Trivial proof writing regardings reflexive relations

Question

Q: Suppose $R_{1}$ and $R_{2}$ are relations on A. Give a proof or counterexample to justify your answer. If $R_{1}$ and $R_{2}$ are reflexive, must $R_{1} \cup R_{2}$ be reflexive?

A: My reasoning is as follows:

Let $A$ be a set. Let $\alpha \in A$ and $\alpha$ is arbitrary. Let $R_{1}$ be a relation on $A$. Let $R_{2}$ be an arbitrary relation on A.

If $\alpha \in A$ such that $R_{1}=\{(_{\alpha}R_{\alpha})\}$ then $R_{1}$ is reflexive.

Then $R_{1} \cup R_{2} = \forall \alpha \in A((_{\alpha}R_{\alpha}))$

Since $\alpha$ were arbitrary, this proves that $R_{1} \cup R_{2}$ must be reflexive.

$\blacksquare$

Please let me know what you think and how I can improve my proof writing. Thank you.

Answer 1

I think you may have misunderstood something about the relation $R_1\cup R_2$, but I'm not completely sure what it is. Let me try to explain what the relation $R_1\cup R_2$ looks like, and then give my version of a proof why it is reflexive.

You are given that $R_1$ and $R_2$ are two reflexive relations. If $A=\{1,2,3\}$, then you might have that

$$R_1 = \{(1,1),(1,2),(2,2),(3,3)\}$$ and $$R_2 = \{(1,1),(2,1),(2,2),(3,1),(3,3)\}.$$ You see that these two relations are both reflexive, because for all $x\in A$, we have that $(x,x)\in R_1$, and also $(x,x)\in R_2$.

From these two relations, we make a new relation, namely the union $R_1\cup R_2$. This is just one new relation on $A$. Let me call it $R$, so $R=R_1\cup R_2$. What does $R$ look like? It is just the union of the relations $R_1$ and $R_2$, so if $(x,y)$ is a pair of either $R_1$ or $R_2$, then it will also be a pair of $R$. We have $$R = \{(1,1),(1,2),(2,1),(2,2),(3,1),(3,3)\}.$$ You see that this relation is still reflexive, so this is an affirmative example of what you are trying to prove.

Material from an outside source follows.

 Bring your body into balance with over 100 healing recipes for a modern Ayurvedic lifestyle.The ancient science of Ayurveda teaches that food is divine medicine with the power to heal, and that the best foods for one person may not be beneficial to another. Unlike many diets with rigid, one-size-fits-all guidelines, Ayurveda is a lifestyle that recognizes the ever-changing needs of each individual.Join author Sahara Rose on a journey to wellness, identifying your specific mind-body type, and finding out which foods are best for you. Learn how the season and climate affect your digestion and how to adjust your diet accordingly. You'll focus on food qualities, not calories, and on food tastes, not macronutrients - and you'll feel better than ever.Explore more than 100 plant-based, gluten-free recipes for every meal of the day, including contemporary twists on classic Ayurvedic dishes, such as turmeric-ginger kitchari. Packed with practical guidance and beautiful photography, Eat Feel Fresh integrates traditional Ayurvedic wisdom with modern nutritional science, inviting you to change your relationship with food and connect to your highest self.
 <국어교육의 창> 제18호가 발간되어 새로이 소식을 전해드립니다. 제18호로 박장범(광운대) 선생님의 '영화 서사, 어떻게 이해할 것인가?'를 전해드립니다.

Now to the general proof. Take $x\in A$. I want to prove that $R=R_1\cup R_2$ is reflexive. Since $R_1$ and $R_2$ are both reflexive by assumption (I really only need one of them to be reflexive), then for any $x\in A$, I have that $(x,x)\in R_1$ and $(x,x)\in R_2$. Since $R=R_1\cup R_2$, I then also have that $(x,x)\in R$. This proves that $R_1\cup R_2$ is reflexive.

Answer 2

$R_1, R_2$ are reflexive relations on the set $A$.

This means $\forall x \in A: (x,x)\in R_1$ and $\forall x\in A: (x,x)\in R_2$

We wish to investigate whether $R_1\cup R_2$ is (or is not) reflexive.

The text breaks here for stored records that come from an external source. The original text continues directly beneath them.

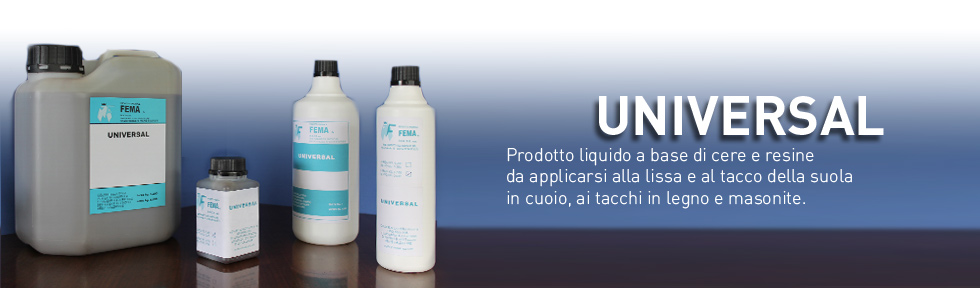 Universal è un prodotto liquido a base di cere e resine da applicarsi alla lissa e al tacco della suola in cuoio, ai tacchi in legno e masonite.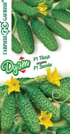 Огурец Теща: Скороспелый (45-48 дней) партенокарпический гибрид. Зеленец длиной 11-13 см, массой 100-120 г, бугорчатый, бурошипый, без горечи. В пазухе листа образуется до 3-4-х завязей. Весь сезон плавно отдает урожай. Имеет высокую степень устойчивости к заболеваниям, холоду, перепаду температуры. Используют в свежем виде, для засолки и маринования.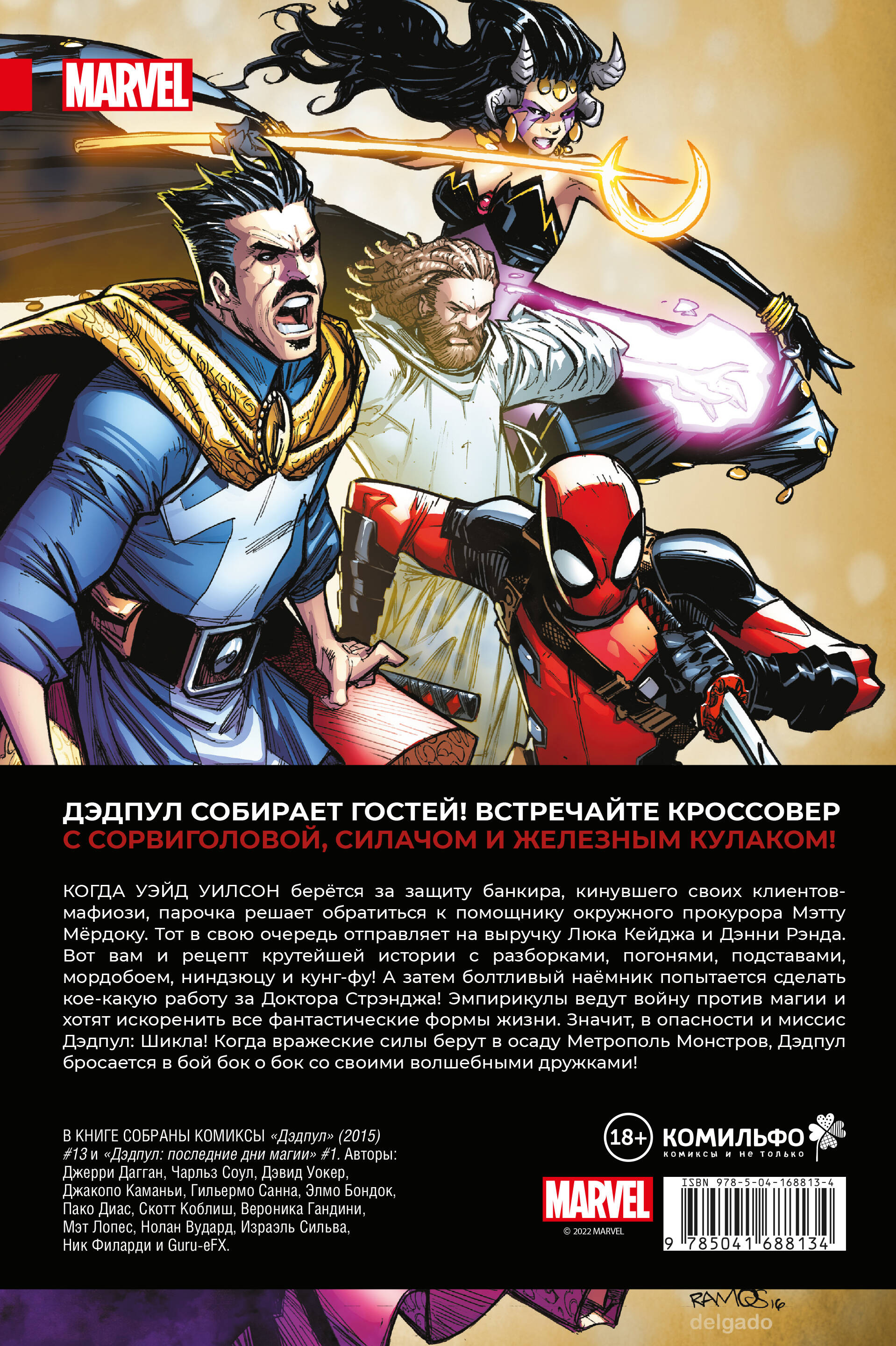 Дэдпул собирает гостей! Встречайте кроссовер с Сорвиголовой, Силачом И Железным Кулаком! Когда Уэйд Уилсон берётся за защиту банкира, кинувшего своих клиентов-мафиози, парочка решает обратиться к помощнику окружного прокурора Мэтту Мёрдоку. Тот в свою очередь отправляет на выручку Люка Кейджа и Дэнни Рэнда. Вот вам и рецепт крутейшей истории с разборками, погонями, подставами, мордобоем, ниндзюцу и кунг-фу! А затем болтливый наёмник попытается сделать кое-какую работу за Доктора Стрэнджа! Эмпирикулы ведут войну против магии и хотят искоренить все фантастические формы жизни. Значит, в опасности и миссис Дэдпул: Шикла! Когда вражеские силы берут в осаду Метрополь Монстров, Дэдпул бросается в бой бок о бок со своими волшебными дружками! В книге собраны комиксы «Дэдпул» (2015) #13 и «Дэдпул: последние дни магии» #1. Авторы: Джерри Дагган, Чарльз Соул, Дэвид Уокер, Джакопо Каманьи, Гильермо Санна, Элмо Бондок, Пако Диас, Скотт Коблиш, Вероника Гандини, Мэт Лопес, Нолан Вудард, Израэль Сильва, Ник Филарди и Guru-eFX.| Издательство | ООО "Издательство "Эксмо" |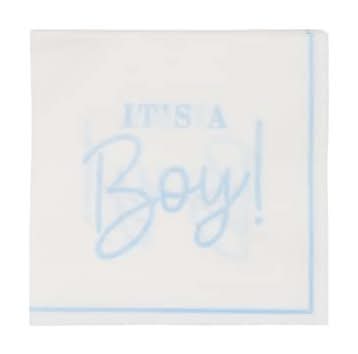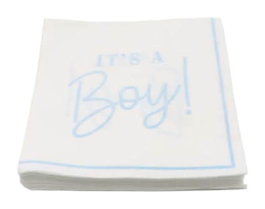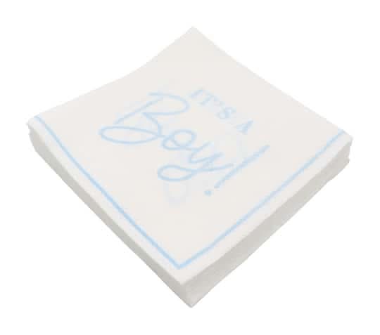 Find these It's a Boy Beverage Napkins, 20ct. by Celebrate It at Michaels. Blue print on white. 4.8" x 4.8" (12.1cm x 12.1cm). 20 napkins. 2 ply tissue paper

Well: $$\begin{array}{l|l:l} 1. & \forall x\in A: (x,x)\in R_1 & \textsf{Premise 1} \\ 2. & \forall x\in A: (x,x)\in R_2 & \textsf{Premise 2} \\ 3. & \forall x\in A:\Big( (x,x)\in R_1 \wedge (x,x)\in R_2\Big) & 1,2,\wedge\textsf{Introduction} \\ 4. & \forall x\in A :\Big((x,x)\in R_1\vee (x,x)\in R_2\Big) & 3, \textsf{Weakening} \\ 5. & \forall x\in A : (x,x)\in R_1\cup R_2 & 4, \textsf{Definition of Union} \\ \hline \Box & \Big(\big(\forall x\in A: (x,x)\in R_1\big)\wedge\big(\forall x\in A: (x,x)\in R_2\big)\Big)\to \big(\forall x\in A: (x,x)\in R_1\cup R_2\big) & 1,2,5,\to\textsf{Introduction} \end{array}$$

So if $\lower{0.25ex}R_1$ is reflexive and $\lower{0.25ex}R_2$ is reflexive, then their union $\lower{0.25ex}{R_1\cup R_2}$ is also reflexive.